* What this task involves: Word for word, retype the lines from the one containing "Skuter Śnieżny LYNX" to the one containing "Cuckoo Clock Japanese" below, keeping both end lines and dropping the pictures.

=== Entries shown ===

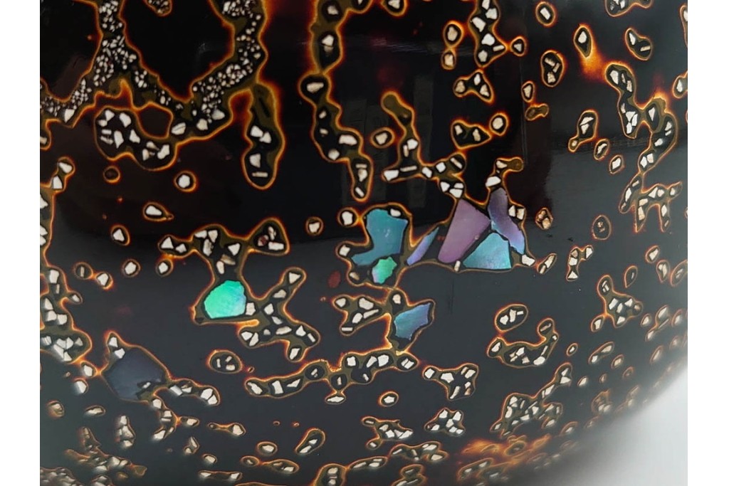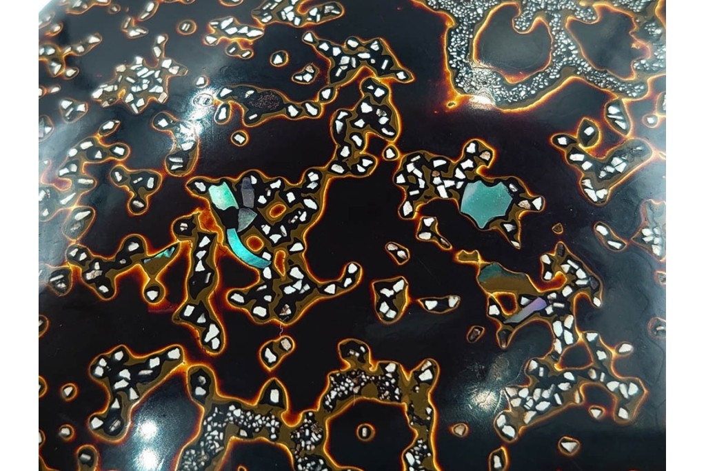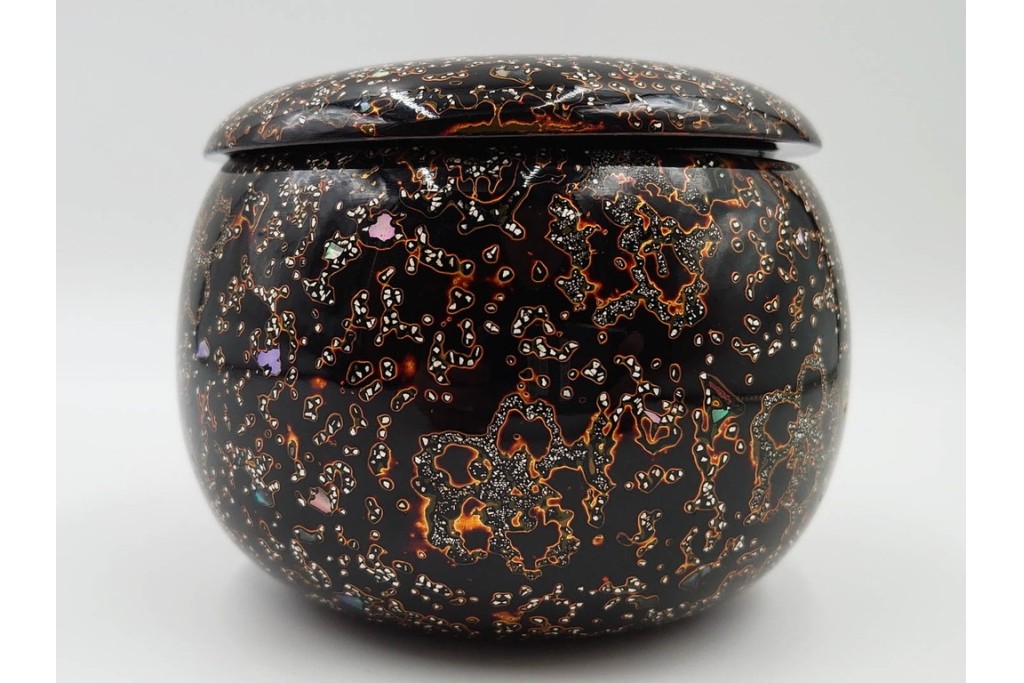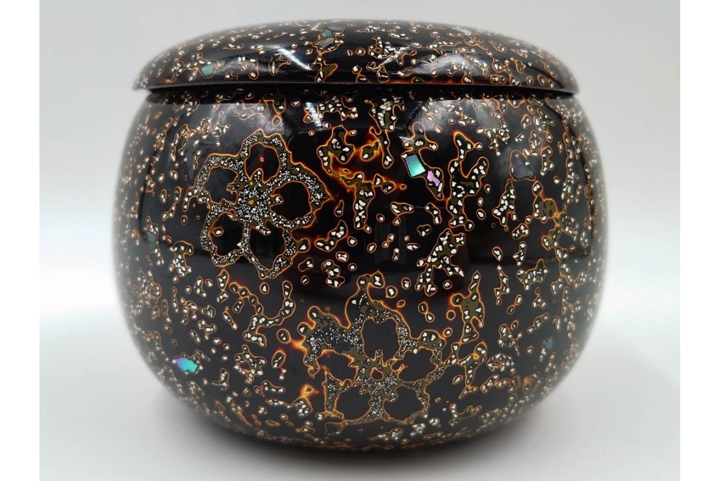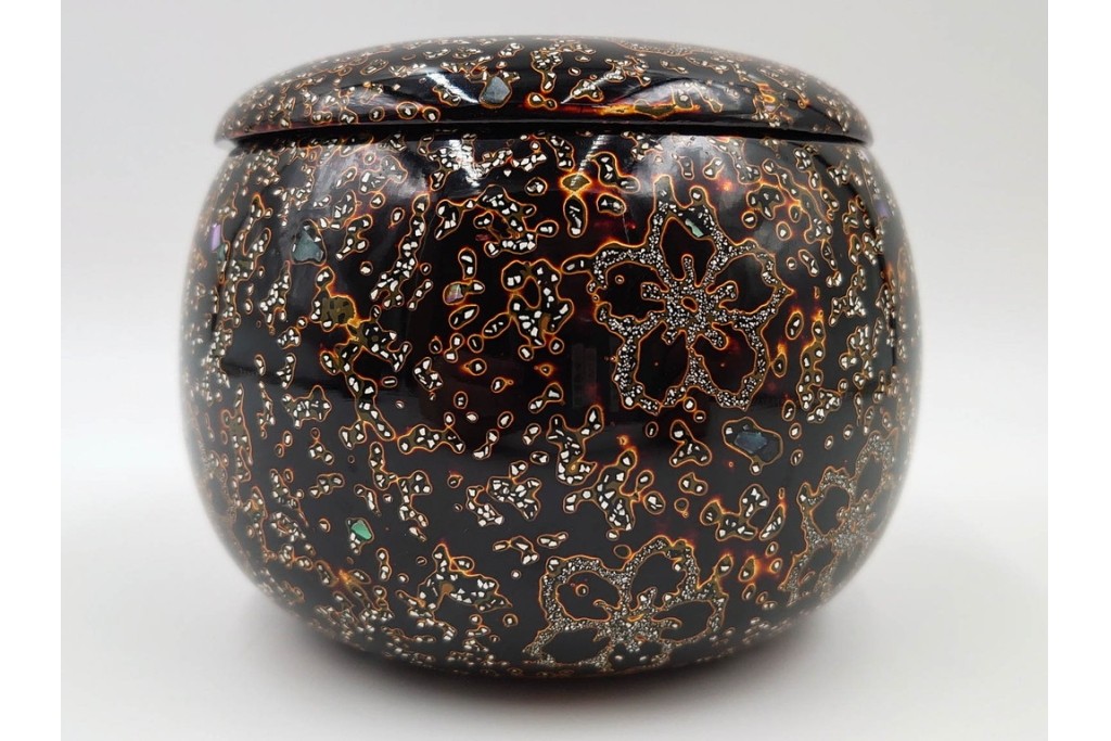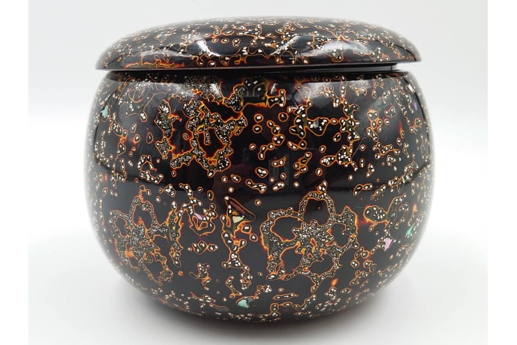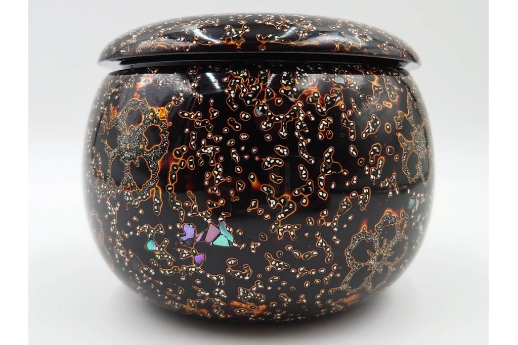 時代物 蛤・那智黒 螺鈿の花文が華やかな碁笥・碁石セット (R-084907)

===
=== Entries shown ===

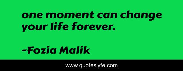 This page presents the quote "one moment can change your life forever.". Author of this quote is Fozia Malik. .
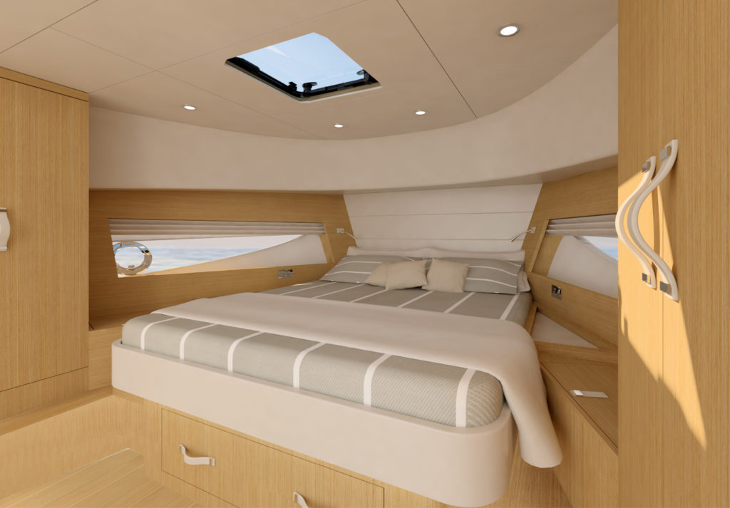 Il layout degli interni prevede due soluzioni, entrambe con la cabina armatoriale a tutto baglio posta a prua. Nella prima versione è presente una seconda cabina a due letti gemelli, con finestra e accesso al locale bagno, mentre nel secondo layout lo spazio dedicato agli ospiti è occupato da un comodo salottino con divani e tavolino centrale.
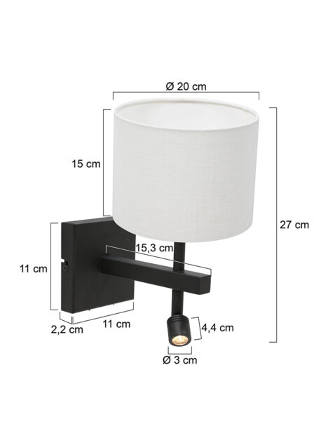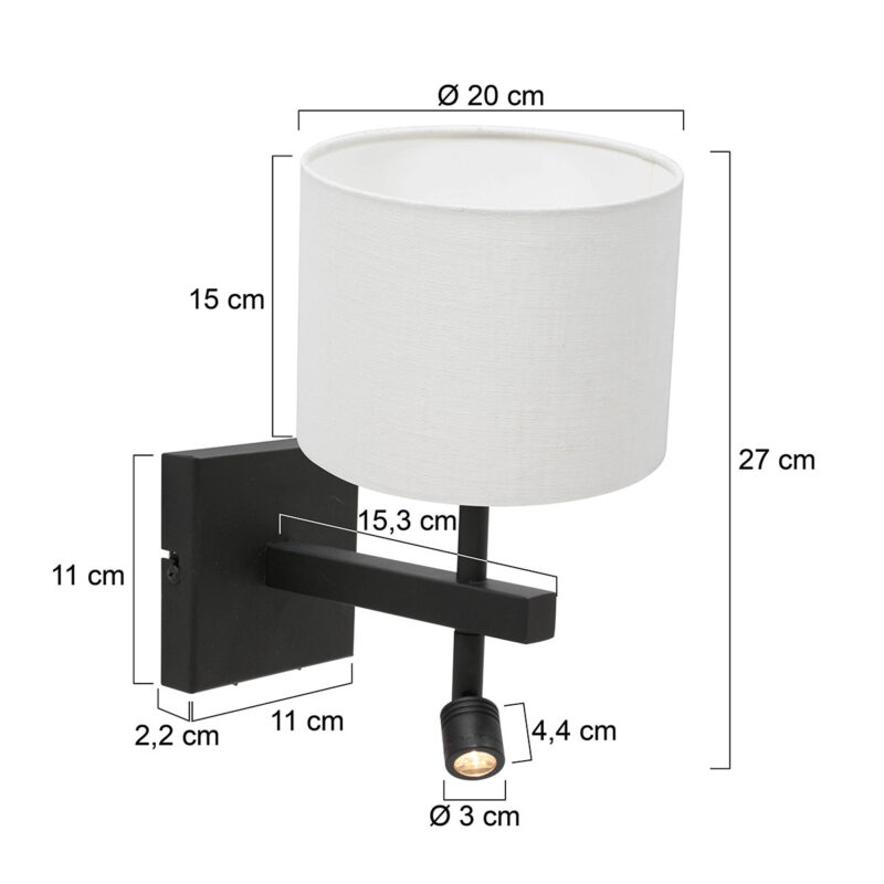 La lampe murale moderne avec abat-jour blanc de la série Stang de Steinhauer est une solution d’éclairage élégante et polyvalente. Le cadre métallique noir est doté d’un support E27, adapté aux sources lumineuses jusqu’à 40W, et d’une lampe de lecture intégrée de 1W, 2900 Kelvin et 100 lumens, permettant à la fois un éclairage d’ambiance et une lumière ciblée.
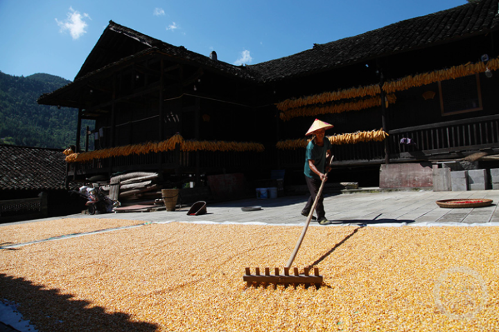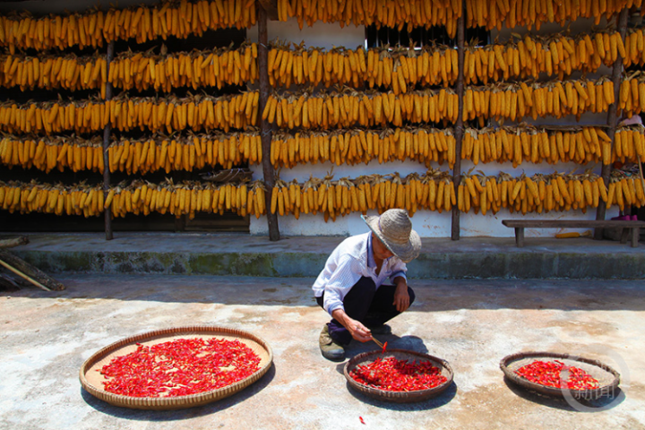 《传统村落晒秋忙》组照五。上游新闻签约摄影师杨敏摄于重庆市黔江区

===
=== Entries shown ===

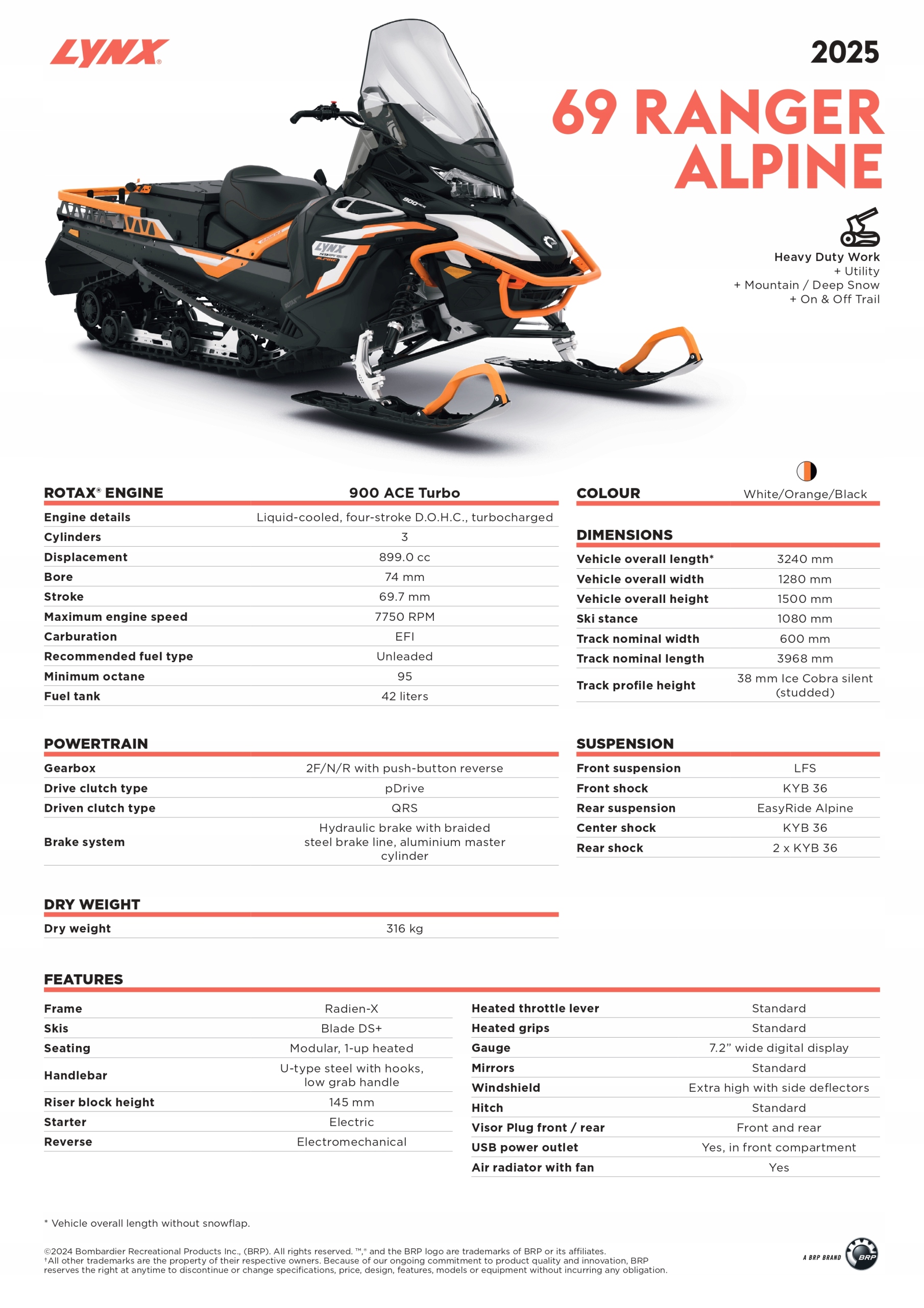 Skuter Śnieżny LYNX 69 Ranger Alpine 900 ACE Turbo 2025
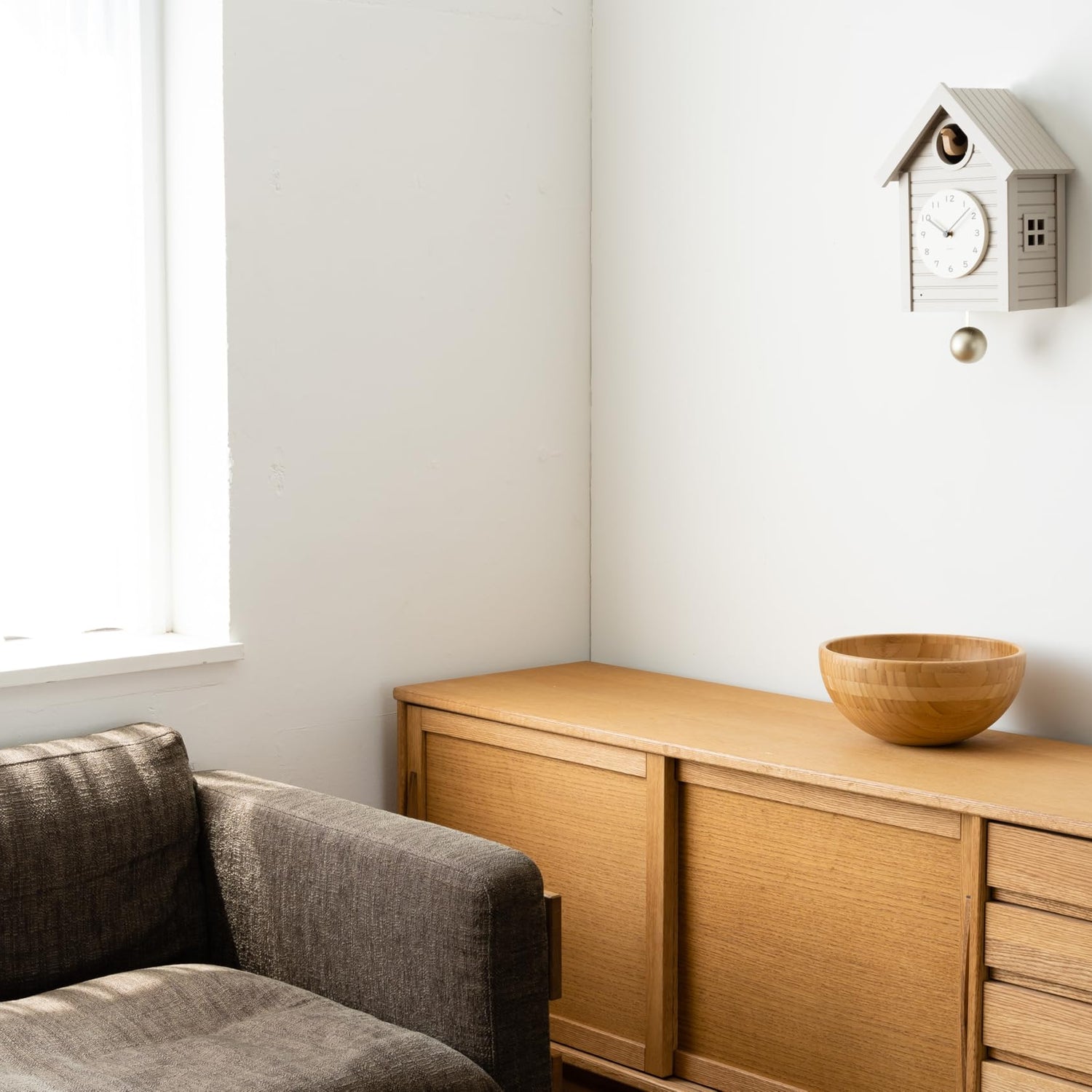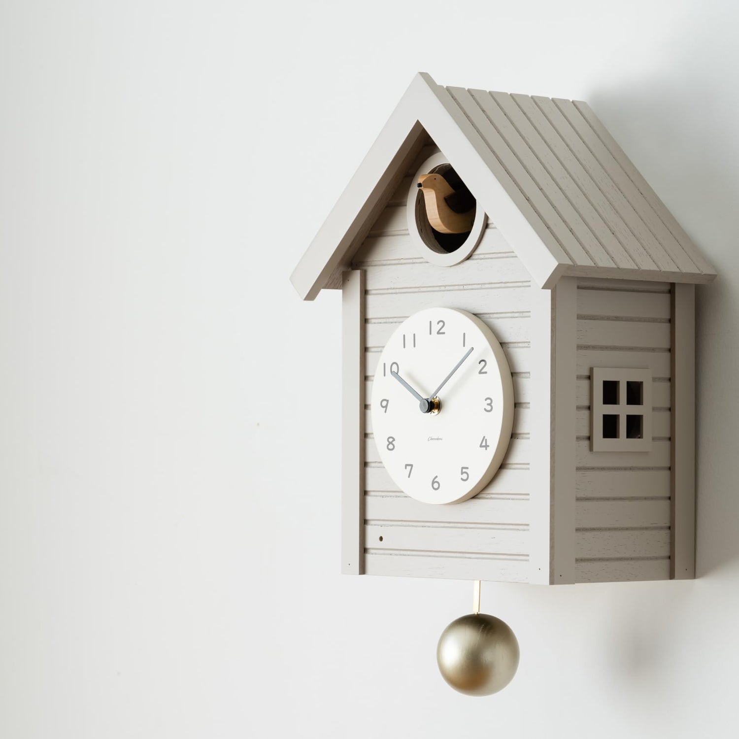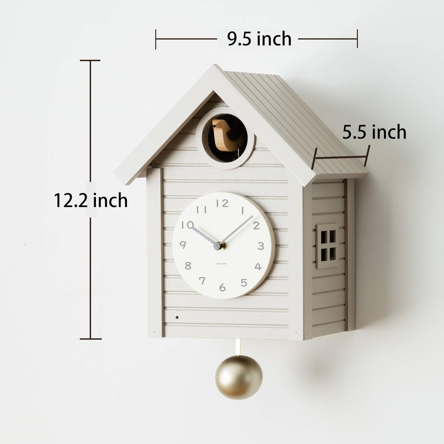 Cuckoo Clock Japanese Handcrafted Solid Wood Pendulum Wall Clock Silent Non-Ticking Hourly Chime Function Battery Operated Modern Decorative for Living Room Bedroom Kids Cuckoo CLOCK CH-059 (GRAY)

===

* Task answer:
 Skuter Śnieżny LYNX 69 Ranger Alpine 900 ACE Turbo 2025
 Cuckoo Clock Japanese Handcrafted Solid Wood Pendulum Wall Clock Silent Non-Ticking Hourly Chime Function Battery Operated Modern Decorative for Living Room Bedroom Kids Cuckoo CLOCK CH-059 (GRAY)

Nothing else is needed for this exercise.